Clarification of Requirements
-- / --
Annex 5 of Visualization
of International Relationship Networks
The Union of International Associations is recognized as a non-profit scientific
research institute under Belgian law governing international bodies established
there; It functions as a clearing house for information on 15,000 international
non-profit organizations and their preoccupations; As such it produces
a series of reference book from a data base shortly to be placed on-line
via the European Span Agency (ESA-IRS). The books are:
* Yearbook of International Organizations
* International Organization Participation
* Global Action Networks
* International Congress Calendar
* Encyclopedia of World Problems and Human Potential
Magnetic tape files are generated or maintained as part of the production
of the references books. In all they currently represent in excess of 60
megabytes of data. The tapes are all 1600 bpi, EBCDIC, odd parity, composed
of fixed records of 180 characters, 20 records per block. This note concerns
the further processing of a subset of the above data taking the form of
cross-references between (the numbered) entries of a certain type. At the
present time interest is focused on cross-references are of different types,
denoted by a 2-digit numeric code. They indicate a relationship between
two entities, each denoted by an alphanumeric 5-digit code (ANNNN). The
relationships include: more general problem, more specific problem, aggravating
problem (and aggravated problems), alleviating problem (and alleviated
problems), associated problem, concerned organizations, concerned discipline,
relevant human values, etc. The entities may be international organizations,
world problems, treaties, or various kinds of concepts.

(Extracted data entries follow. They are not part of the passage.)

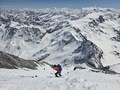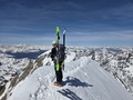 Zjutraj v svežem in sončnem jutru start proti vrhu. Žiga in Flip sta splezala po JZ grapi, z Ladotom pa sva pristopila po po normalki -V pobočju. Pofotkali smo lepe razglede iz vrha, nato priprava na spust. Odsmučali ( prebili ) smo se po že zelo slabo narejenem vršnem grebenu do rame, nato pa spust v vzhodno pobočje. Tukaj je bila smuka odlična vse do vstopa v kuloar, kjer se zadeva zoži na širino smuči- ne gre brez bočnega drsenja. Sledilo je še res uživaško vijuganje do koče , kjer smo nadaljevali z martinčaknjem in hidracijo.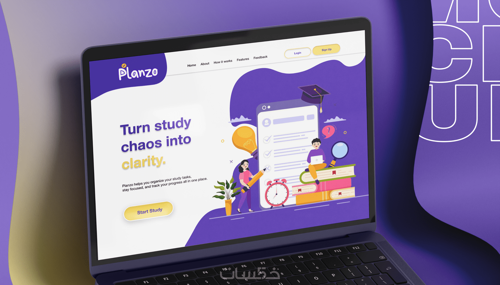 تصميم واجهة مستخدم UI لصفحة هبوط لتطبيق تنظيم المذاكرة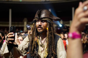 Mientras tanto, en las inmediaciones del Palacio Municipal, cientos de vecinos y vecinas se congregaron para saludarlo, muchos de ellos caracterizados como el emblemático Jack Sparrow o personajes alusivos, con carteles, banderas y cánticos que transformaron la plaza y las calles en una verdadera fiesta cinematográfica.
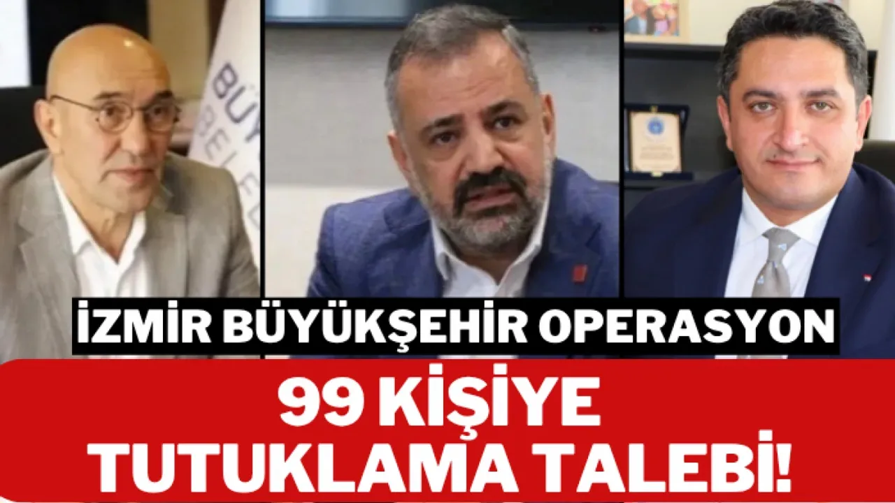 İzmir'deki 'yolsuzluk' operasyonu kapsamında adliyeye sevk edilen ve aralarında eski İzmir Büyükşehir Belediye Başkanı Tunç Soyer, CHP İzmir İl Başkanı Şenol Aslanoğlu ile İZBETON Genel Müdürü Heval Savaş Kaya’nın da bulunduğu 99 şüpheli, savcılık ifadelerinin ardından tutuklama talebiyle mahkemeye sevk edildi.

3. Preliminary analysis of the cross-reference tape
This is being undertaken by a separate programme (in Brussels). Basically
this takes each entity (of the 3,000) as a starting point and produces
a record tracing the chain of relationships out from it along each branch.
The trace can be continued through up to 9 relationship links. Each record
contains the chain for one branch out from the starting entity for one
type of relationship. The programme also produces complementary records
on a parallel file with the name of each entity registered in the above
trace (partly for use as an index); Other products of the programme enable
loops in the network to be detected and corrected if appropriate. A statistical
summary enables especially interesting nodes to be selected.

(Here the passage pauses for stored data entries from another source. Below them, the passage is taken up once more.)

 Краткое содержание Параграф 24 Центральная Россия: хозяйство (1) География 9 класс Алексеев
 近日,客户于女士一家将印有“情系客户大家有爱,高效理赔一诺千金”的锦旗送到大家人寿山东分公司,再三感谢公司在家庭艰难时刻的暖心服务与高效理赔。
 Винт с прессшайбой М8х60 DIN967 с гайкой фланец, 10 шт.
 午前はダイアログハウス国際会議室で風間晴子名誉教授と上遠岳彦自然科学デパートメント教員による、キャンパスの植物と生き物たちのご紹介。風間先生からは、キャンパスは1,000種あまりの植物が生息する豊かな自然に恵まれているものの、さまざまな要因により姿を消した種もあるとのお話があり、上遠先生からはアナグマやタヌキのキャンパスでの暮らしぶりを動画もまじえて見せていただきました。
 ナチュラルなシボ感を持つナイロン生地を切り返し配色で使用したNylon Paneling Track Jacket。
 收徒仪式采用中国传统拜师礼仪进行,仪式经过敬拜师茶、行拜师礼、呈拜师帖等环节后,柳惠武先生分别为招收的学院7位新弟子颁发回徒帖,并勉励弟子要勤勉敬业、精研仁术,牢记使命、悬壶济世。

4. General processing requirement
The data on the above tapes must be analyzed in such a way as to produce
a set of coordinates on tape which can be used to drive a graph plotter
of one form or another so as to portray suitable representations of such
networks of relationships. At this point two possibilities are envisaged:
- generation of "maps" as a substitute for questionnaires to
the concerned international bodies and to enable the relationships networks
to be "cleaned up" by editorial staff (Ideally this would be
- generation of clean maps with higher quality typography for publication
in the 1985 edition of the Yearbook of World Problems and Human Potential.
This can be done by Computaprint (London) once the drive tape is formatted.
Briefly explained the problem may be compared to that of getting a computer
to plot a suitable schematic map of a subway system (or a road network)
when only the links between locations are given. In other words the optimal
position must be determined for each location and the links between Them.
An additional desirable constraint is that the geometry should be relatively
comprehensible namely ordered rather than arbitrary.
5. Breakdown of the task
The task may be split into the following problem areas.
Processing strategies and run time choices between them
Optimal distribution of network across selected surface ("packing")
Determination of suitable scale for map(s)
Determination of mapping details (typography etc)
Fitting in entity name text.
These points are discussed separately in the following sections.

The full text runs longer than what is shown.